(WHAT THE EXERCISE ASKS) Starting with the line that has "Sky Blue Corded" and finishing with the line that has "Las fechas serán", set down each line below exactly. Pictures are not copied.

(STUDY MATERIAL)
= = =
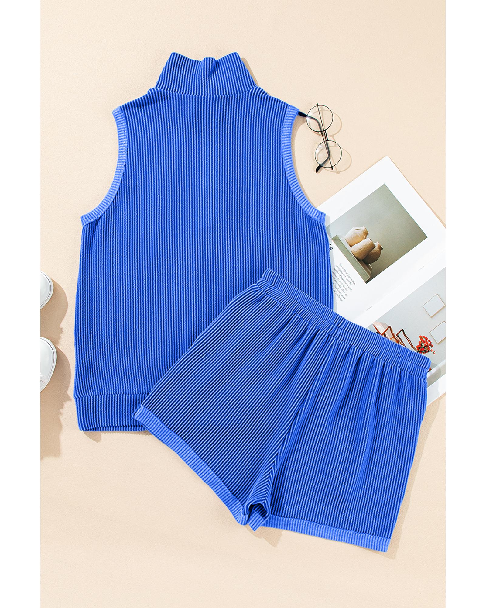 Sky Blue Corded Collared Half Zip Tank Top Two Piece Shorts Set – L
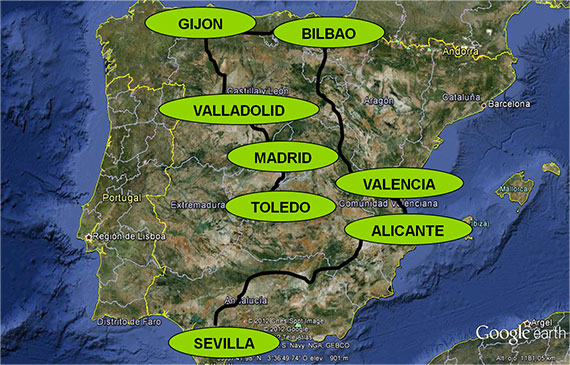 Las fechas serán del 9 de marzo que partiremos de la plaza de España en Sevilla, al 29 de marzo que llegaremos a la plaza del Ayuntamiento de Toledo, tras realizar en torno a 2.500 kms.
= = =
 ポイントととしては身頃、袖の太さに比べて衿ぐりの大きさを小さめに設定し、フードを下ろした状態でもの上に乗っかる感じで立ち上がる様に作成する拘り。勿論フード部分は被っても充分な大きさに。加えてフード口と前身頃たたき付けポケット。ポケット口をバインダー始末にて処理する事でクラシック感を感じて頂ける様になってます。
= = =
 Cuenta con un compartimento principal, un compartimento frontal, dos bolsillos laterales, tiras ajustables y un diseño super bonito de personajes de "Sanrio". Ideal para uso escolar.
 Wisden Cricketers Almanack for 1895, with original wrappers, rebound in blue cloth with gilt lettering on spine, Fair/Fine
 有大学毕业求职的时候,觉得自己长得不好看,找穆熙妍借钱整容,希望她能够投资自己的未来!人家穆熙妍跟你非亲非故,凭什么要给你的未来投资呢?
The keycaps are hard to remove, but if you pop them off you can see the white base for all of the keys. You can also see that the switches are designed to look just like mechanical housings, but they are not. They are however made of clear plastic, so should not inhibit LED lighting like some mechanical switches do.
= = =
(EXPECTED OUTPUT)
 Sky Blue Corded Collared Half Zip Tank Top Two Piece Shorts Set – L
 Las fechas serán del 9 de marzo que partiremos de la plaza de España en Sevilla, al 29 de marzo que llegaremos a la plaza del Ayuntamiento de Toledo, tras realizar en torno a 2.500 kms.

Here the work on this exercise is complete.